-- Opening Marker --
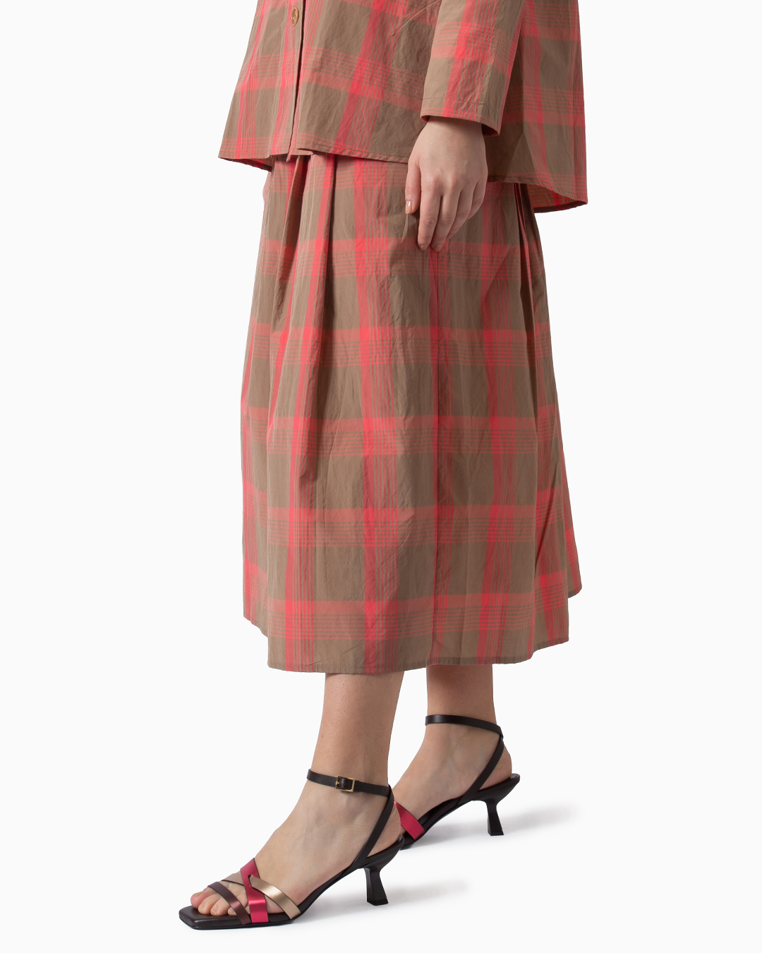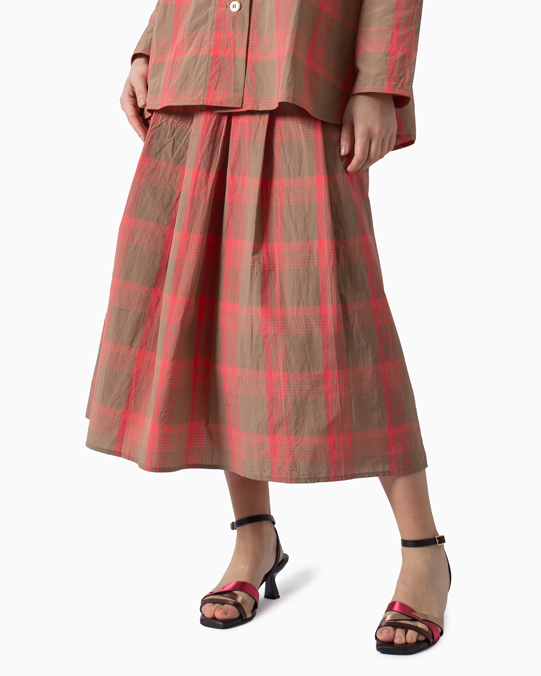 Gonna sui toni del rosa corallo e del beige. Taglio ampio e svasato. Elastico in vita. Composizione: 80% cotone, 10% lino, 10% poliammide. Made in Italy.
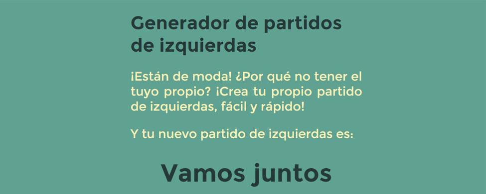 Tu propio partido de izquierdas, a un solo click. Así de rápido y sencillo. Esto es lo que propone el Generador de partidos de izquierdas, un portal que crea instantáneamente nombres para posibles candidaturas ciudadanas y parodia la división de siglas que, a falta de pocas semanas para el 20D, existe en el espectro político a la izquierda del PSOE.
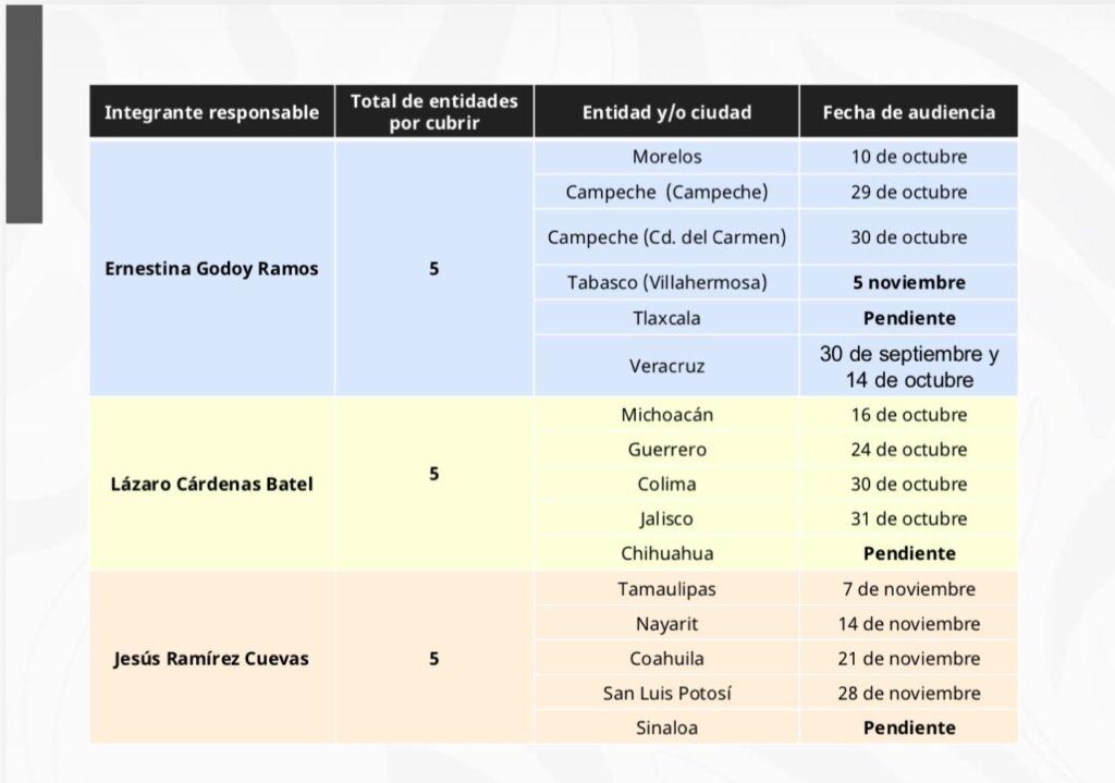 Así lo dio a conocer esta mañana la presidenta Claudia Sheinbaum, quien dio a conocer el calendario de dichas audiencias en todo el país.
-- Closing Marker --
### YOUR TASK:
Every line from the one containing "Tu propio partido" through the last line of the data is to be retyped exactly, with nothing added and no pictures included.

### PROBLEM SOLUTION:
 Tu propio partido de izquierdas, a un solo click. Así de rápido y sencillo. Esto es lo que propone el Generador de partidos de izquierdas, un portal que crea instantáneamente nombres para posibles candidaturas ciudadanas y parodia la división de siglas que, a falta de pocas semanas para el 20D, existe en el espectro político a la izquierda del PSOE.
 Así lo dio a conocer esta mañana la presidenta Claudia Sheinbaum, quien dio a conocer el calendario de dichas audiencias en todo el país.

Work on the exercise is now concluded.